On connaît l’échec de l’importation des techniques de gymnastique matinale des entreprises japonaises ou coréennes. Sans une remise en question du modèle d’organisation du travail et un changement du système de croyance des acteurs de l’entreprise, il n’y a aucune chance de modifier les pratiques.

DE LA PLEINE CONSCIENCE PAR L’ANALYSE DE PRATIQUES

Pourtant il existe une technique qui poursuit les mêmes buts mais en se servant de l’expérience des participants comme matière : c’est l’analyse de pratiques[6].

Ca fait moins rêver à priori que l’exotisme mystérieux de mindfullness mais c’est une technique qui permet sur du long terme de proposer un exercice à la portée des acteurs de l’entreprise pour :

  • Les aider à prendre du recul pour compenser l’incontournable nez dans le guidon auquel condamne le travail.
  • développer des capacités d’attentions consciente[7]
  •  A amener l’individu à se recueillir dans le sens de se réunir, se rassembler pour compenser la dispersion de l’identité, du soi, que représente la pression du travail et la dispersion de l’énergie dans le travail.
  • A faire communauté avec ses pairs pour compenser l’incitation à la compétition et la perte du collectif qu’engendre l’organisation taylorienne du travail. Travailler sur son identité individuelle et collective.
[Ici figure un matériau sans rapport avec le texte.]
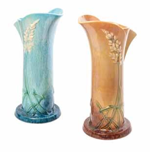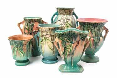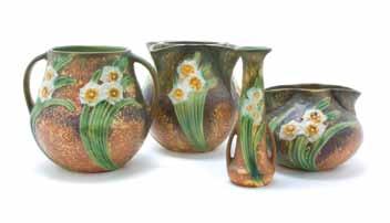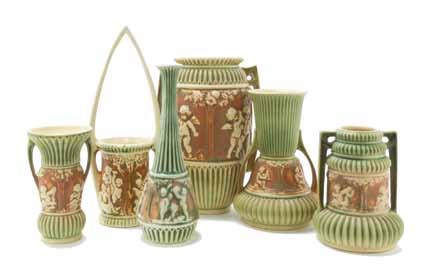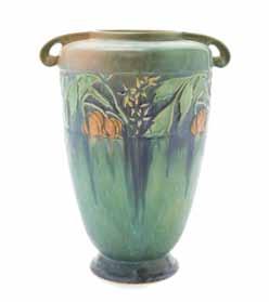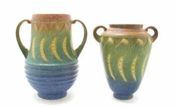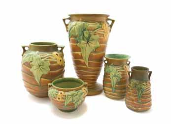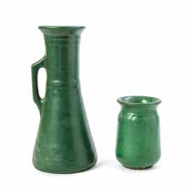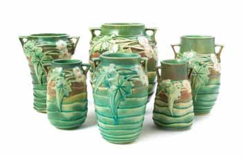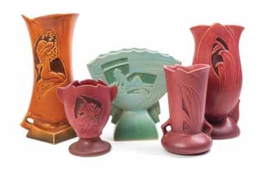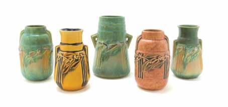 585* Five Roseville Pottery Vases, each in the Jonquil pattern, four of handled form, one of tapering form with a flared rim and one with original foil label. Height of tallest 8 1/4 inches. Property from the Estate of Ms. Jacqueline Kuznicki, Chicago, Illinois $300-500 586* Five Roseville Pottery Vases, each in the Laurel pattern, two of handled ovoid form, two of handled tapering form, three with a green ground, one with a yellow ground and one with an orange ground, three with original foil labels. Height of tallest 7 1/4 inches. Property from the Estate of Ms. Jacqueline Kuznicki, Chicago, Illinois $500-700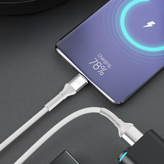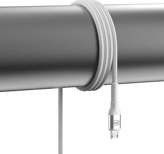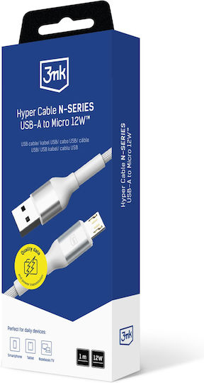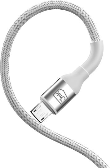 3MK LED / Braided USB 2.0 to micro USB Cable Λευκό 1m 1τμχ
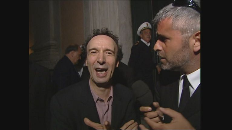 La Iena Enrico Lucci incontra Roberto Benigni per parlare di Enzo Biagi che non è più in televisione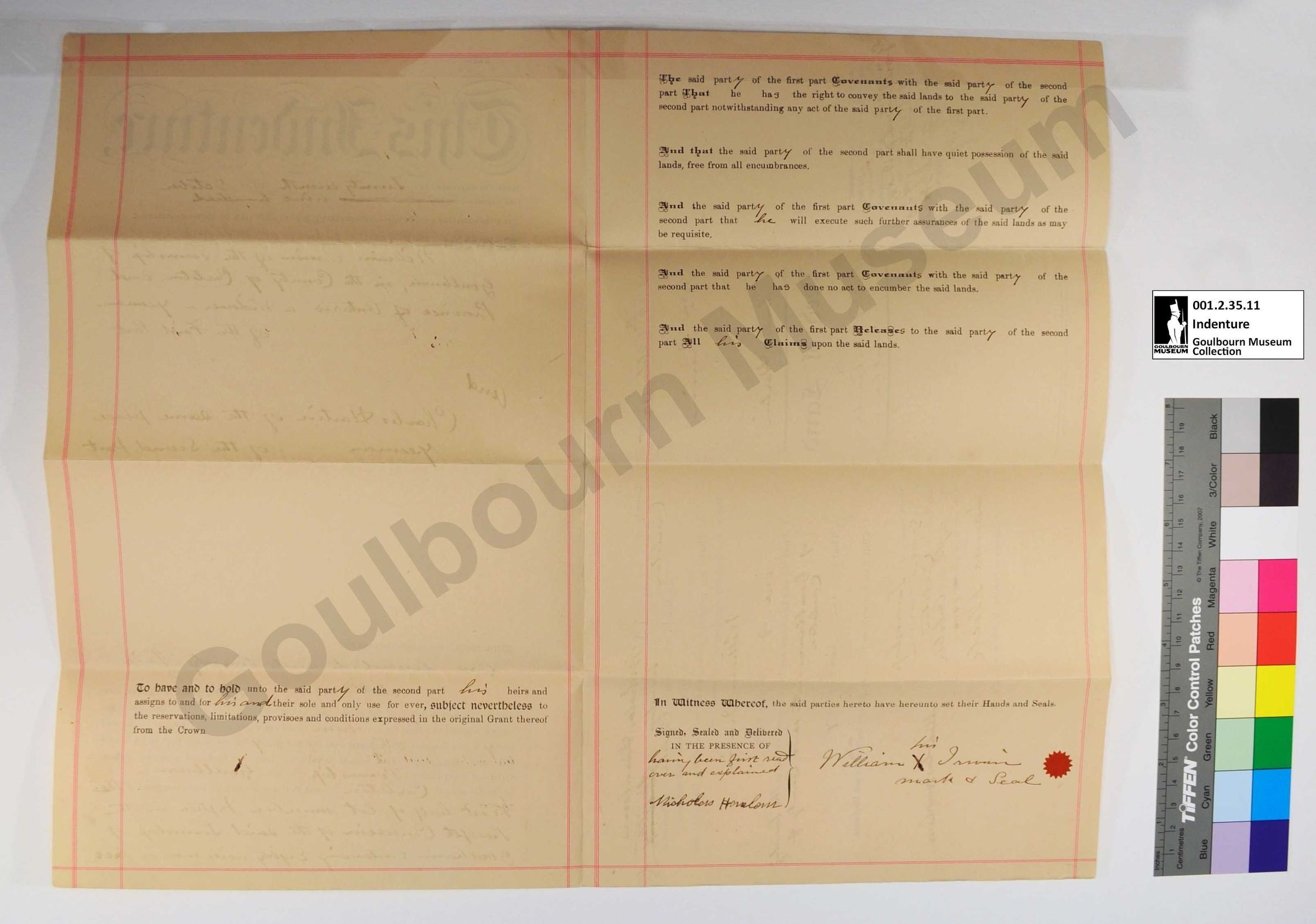 All the text on the proper side of the front is perpendicular to the primary body of text. This includes the title page which appears perpendicular to the primary text as this object was intended to be folded into a brochure form for transport and storage. There is a blue rubber stamp imprint in the top proper right quadrant of the front which consists of seven lines of script; the stamp has been filled in by hand with a black handwritten ink rendered in cursive. The words "This Indenture" appear in a larger, decorative, printed black font at the top of the proper left front page. There are two horizontal red lines which span the entire width of the front at the top and bottom; the top horizontal red line is comprised of three parallel red lines, the bottom horizontal red line is comprised of two parallel red lines. There are three vertical red lines which run the length of the proper left front page. The proper rightmost vertical line is comprised of three parallel lines; the other two vertical lines are comprised of two parallel red lines.

Entretenir sa santé professionnelle.

C’est moins désirable que les rêves de pleine conscience, c’est plus modeste mais cela répond à un besoin réel. Même si cela coute plus cher à l’entreprise qu’un séminaire d’une journée pour faire rêver le chaland. Si l’on a vraiment besoin de rêve on peut dire que l’analyse de pratiques consiste en :

  • Un exercice spirituel[8], non pas au sens de saint Ignace de Loyola, mais au sens d’un travail sur l’esprit qu’on peut définir comme la mise en harmonie, le réalignement  du vécu expérientiel et du mental en tant qu’instance de représentation de l’expérience vécu. 
  • Un exercice d’intelligence de soi au sens où Bruner définissait l’intelligence.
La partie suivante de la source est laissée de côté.